Secondly of both supervisors and rank and file workers are allowed to join the union, then work will suffer as he supervisors will have divided loyalty between management and the union.

As it has already been observed the respondent has over 700 employees.  Those in Job Group 11 to 15 carryout managerial functions and help in the running of the organization.  They should therefore not be allowed to join the union.

(iv)     We p[ray the court to find that the unionisable employees in KEMRI are in Job Groups 1 to 10 and that Job Groups 11 to 15 are managerial and supervisory staff.

I dispute the respondent’s position on the unionization of the senior staff.  The Constitution of Kenya, 2010 opened up a broad highway for the enjoyment of people’s social economic rights.  These undoubtedly include labour rights.  It broadens their spectrum and the enjoyment of the same.  Arguments and submission as expressed by the respondent are therefore untenable and unacceptable.
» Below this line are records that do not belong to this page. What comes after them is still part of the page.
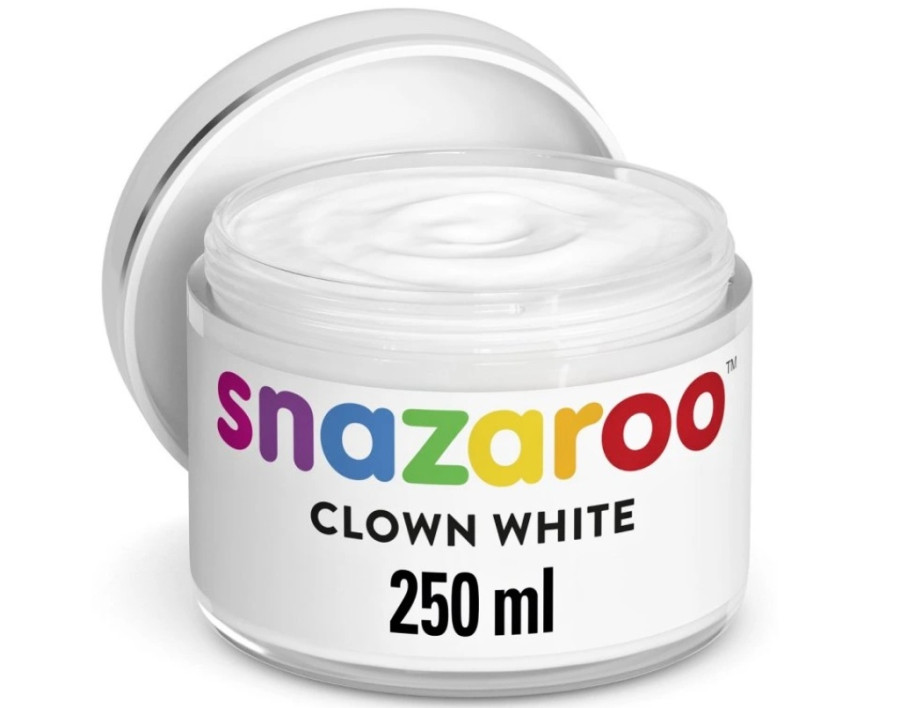 Velice kvalitní barva na obličej bílá klaunská, která se snadno se nanáší, výborně drží a neotírá se a lze ji snadno omývat. Splňuje nejvyšší kosmetické atesty. Je koncentrovaná, takže vystačí na mnoho použití.
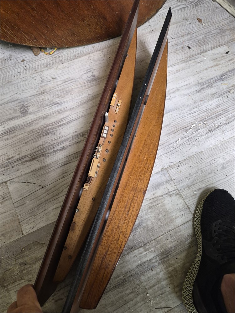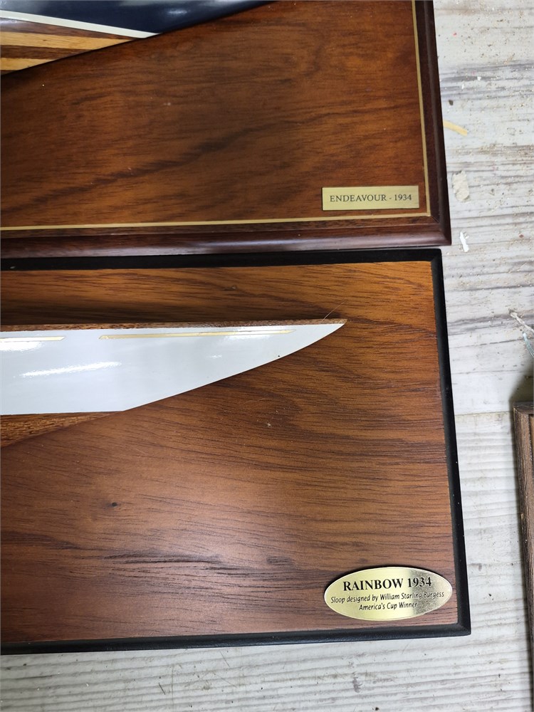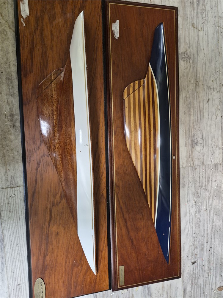 Two nice replica wood hall ships. One is of the Endeavor 1934 and the Otner is Rainbow 1934. On boards ech measures 29" long.
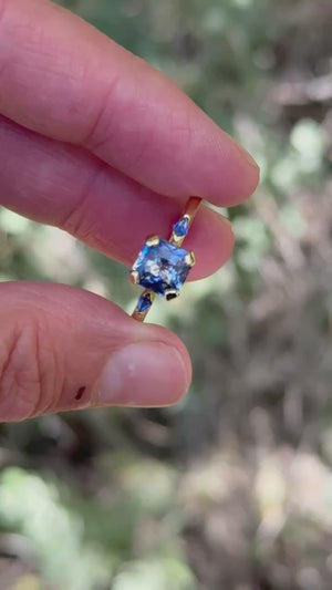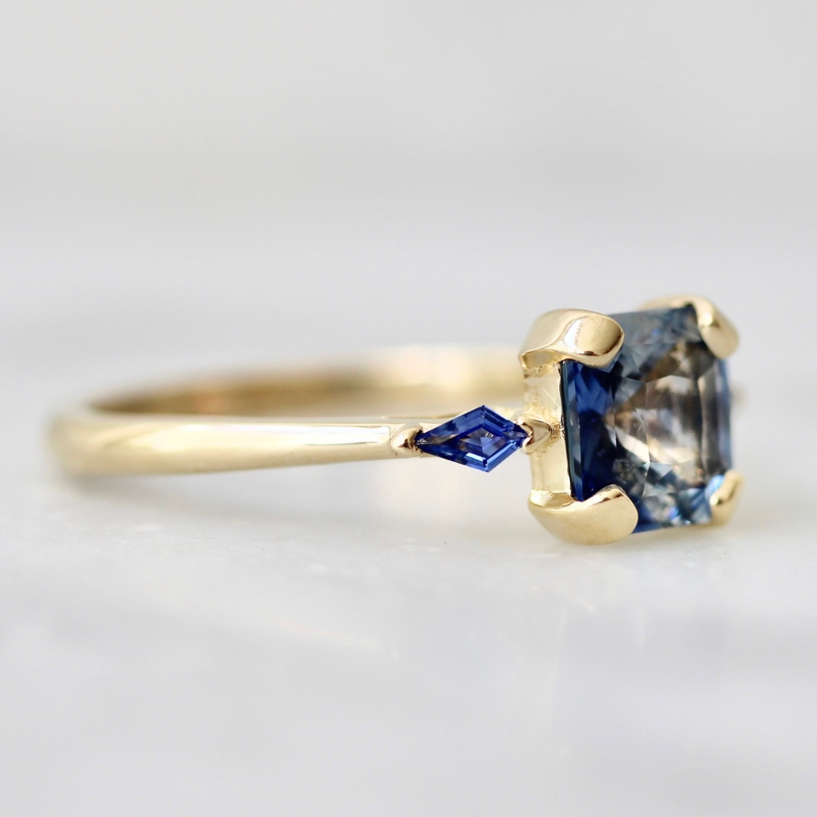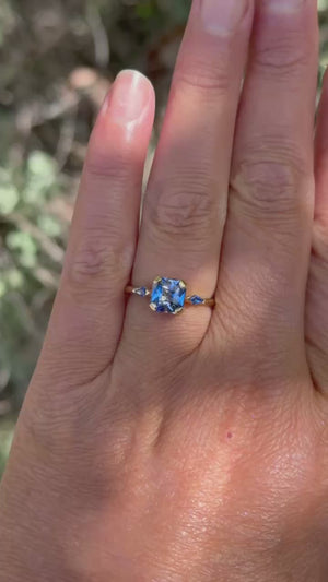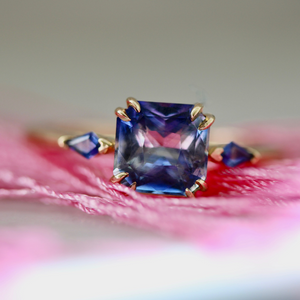 This extravagant take on a classic three stone design features a 1.58 carat blue-white radiant cut bi color sapphire and lovingly offset by a pair of stunningly rich blue kite cut sapphires. Set in 14k yellow gold and held by double claw prongs. You don't get closer to the perfection than this.

Article 41 on Labour relations;

41.     (1)      Every person has the right to fair labour practices.

(2)      Every worker has the right –

(a)      to fair remuneration

(b)      to reasonable working conditions

(c)      to form, join or participate in the activities and programmes of a trade union;

(d)      to go on strike

(3)      Every employer has the right-

(e)      to form and join an employers organization; and

(f)      to participate in the activities and programmes of an employers organization

(4)      Every trade union and every employers’ organization has the right-

(a)      to determine its own administration, programmes and activities;

(b)      to organize; and

(c)      to form and join a federation.

(5) Every trade union, employers’ organisation and employer has the right to engage in collective bargaining.

I would find and pursue a different cause in the circumstances.

As to the effective date of the Collective Bargaining Agreement, it is on record that the parties negotiated and agreed on 1st July, 2013 as the effective date.  It was also agreed that the Collective Bargaining Agreement would run for four years up to 30th June, 2017.  This court cannot afford to amend an agreed position except on very exceptional circumstances which are not apparent in the present situation.

I therefore find in favour of the claimant union and order as follows;-

THAT this court adopts and enforces the agreement of the parties in the various items as hereunder;-

Article 14 – Leave allowance

Article 27 – Commuter allowance

Article 28 – Medical risk allowance

Article 38 – Hardship allowance

Article 41 – General wage increase

Article 45 – Heads of units allowance

Article 46 – Basic salaries  wages

Article 50 – Effective date

THAT the effective date of the Collective Bargaining Agreement shall be 1st July, 2013 and as agreed inter partes.

THATthe Collective Bargaining Agreement shall be in force for a period of four years and expire on 30th June, 2017.

THAT the claimant union be and is hereby allowed and authorized to recruit its union membership from staff cadres and categories MR 11 to MR 15.

THAT the Collective Bargaining Agreement be executed by the parties within fourteen days from the date of this order of court.

THAT the costs of this application and entire dispute shall be borne by the respondent.

Dated, delivered and signed this 18th day of June, 2014.

D.K. Njagi Marete

JUDGE

Appearances

Mr. Zacharia Achacha for the claimant.

Mr. R.M. Muthanga instructed by the Federation of Kenya Employers for the Respondents.